Structural analysis of the three putative NDH-2s revealed that they all contain NADH- and FAD-binding motifs (Fig. 2). Both motifs consist of a β sheet-α helix-β sheet structure which contains (i) a glycine-rich phosphate binding consensus sequence (GXGXXG); (ii) a conserved negatively charged residue (D or E) at the end of the second β sheet; and (iii) six positions typically occupied by small hydrophobic residues, four of which are marked in the NADH binding motif in Fig. 2 and the other two of which are generally positioned 2 and 4 residues before the conserved Asp or Glu. All six residues are marked in the FAD binding motif in Fig. 2 (see references 2 and 25 for reviews of NAD(P)H and FAD binding motifs, respectively). In NADPH binding proteins the third G in the GXGXXG motif associated with NADPH binding is generally replaced by S, A or P, and the negative charge at the end of the second β sheet is missing (2). As these features are absent in the NDH-2s, it is likely that all three NDH-2s in Synechocystis sp. strain PCC 6803 bind NADH and not NADPH.

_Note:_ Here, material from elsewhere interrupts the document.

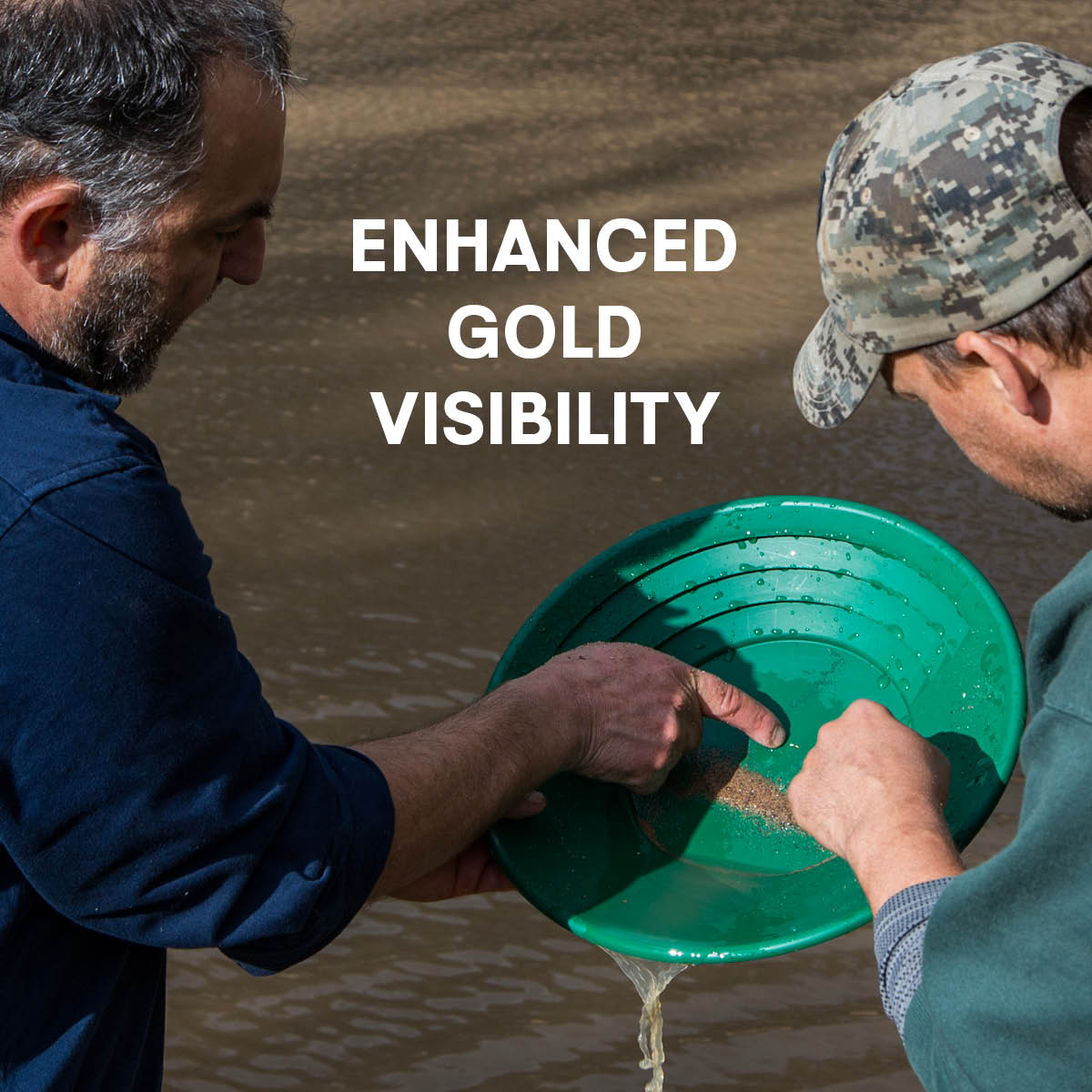 - Enhanced Visibility: Our green color pans enhance gold visibility, making it easier to spot tiny gold flakes against the pan’s background.

All three NDH-2s contain the conserved nucleotide binding domain for FAD and also a second motif downstream from this that is characteristic of FAD binding motifs (Fig. 2). This motif contains a conserved aspartate that forms a hydrogen bond with the ribitol moiety of FAD (8). Thus, all three NDH-2s have the potential to bind both NADH and FAD, consistent with the expectation for functional NDH-2s.

No ndb homologs have been detected in chloroplast genomes. However, this does not necessarily imply that the corresponding proteins are missing in plant chloroplasts. As many genes coding for hydrophilic chloroplast proteins have been transferred to the nucleus, it is possible that chloroplast NDH-2 genes, if they exist, are in the nucleus.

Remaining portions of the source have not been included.